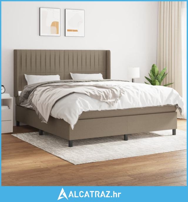 Krevet s oprugama i madracem smeđesivi 160x200 cm tkanina - NOVO
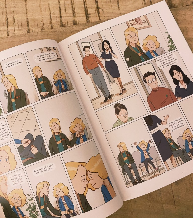 Cette BD a été pour moi une véritable surprise, complètement inattendue. Quand nous rencontrons Phénix, elle est avec sa soeur au bord de la route, et elles vont monter à bord du véhicule de son professeur d’anglais. Celui-ci va les ramener chez elles, et rencontrer leur mère. Puis, petit à petit, il va s’inviter dans leur quotidien quand il va nouer une relation avec cette dernière. Les deux soeurs sont très proches, fusionnelles même. Leur père est parti depuis plusieurs mois et leur mère n’est pas très présente. Ensemble, elles se serrent les coudes et Phénix joue pour sa soeur le rôle de seconde maman. Leur relation est si belle et douce qu’elle m’a beaucoup touchée.
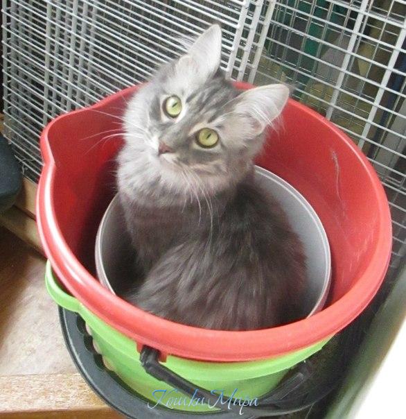 Кот в мешке? Нет, кошка в ведре!
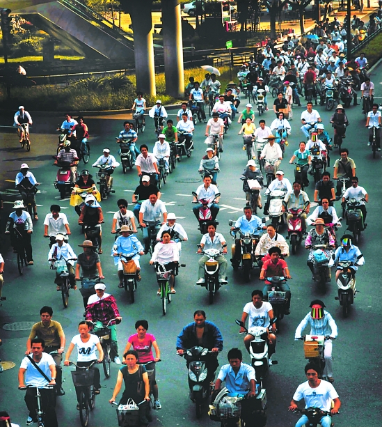 这张照片拍摄于2008年7月15日7时40分的杭州街头,十年后,电动车大行其道。

Work instruction | Pictures are not part of the copy. Please reproduce the material word for word.

Response |
 Krevet s oprugama i madracem smeđesivi 160x200 cm tkanina - NOVO
 Cette BD a été pour moi une véritable surprise, complètement inattendue. Quand nous rencontrons Phénix, elle est avec sa soeur au bord de la route, et elles vont monter à bord du véhicule de son professeur d’anglais. Celui-ci va les ramener chez elles, et rencontrer leur mère. Puis, petit à petit, il va s’inviter dans leur quotidien quand il va nouer une relation avec cette dernière. Les deux soeurs sont très proches, fusionnelles même. Leur père est parti depuis plusieurs mois et leur mère n’est pas très présente. Ensemble, elles se serrent les coudes et Phénix joue pour sa soeur le rôle de seconde maman. Leur relation est si belle et douce qu’elle m’a beaucoup touchée.
 Кот в мешке? Нет, кошка в ведре!
 这张照片拍摄于2008年7月15日7时40分的杭州街头,十年后,电动车大行其道。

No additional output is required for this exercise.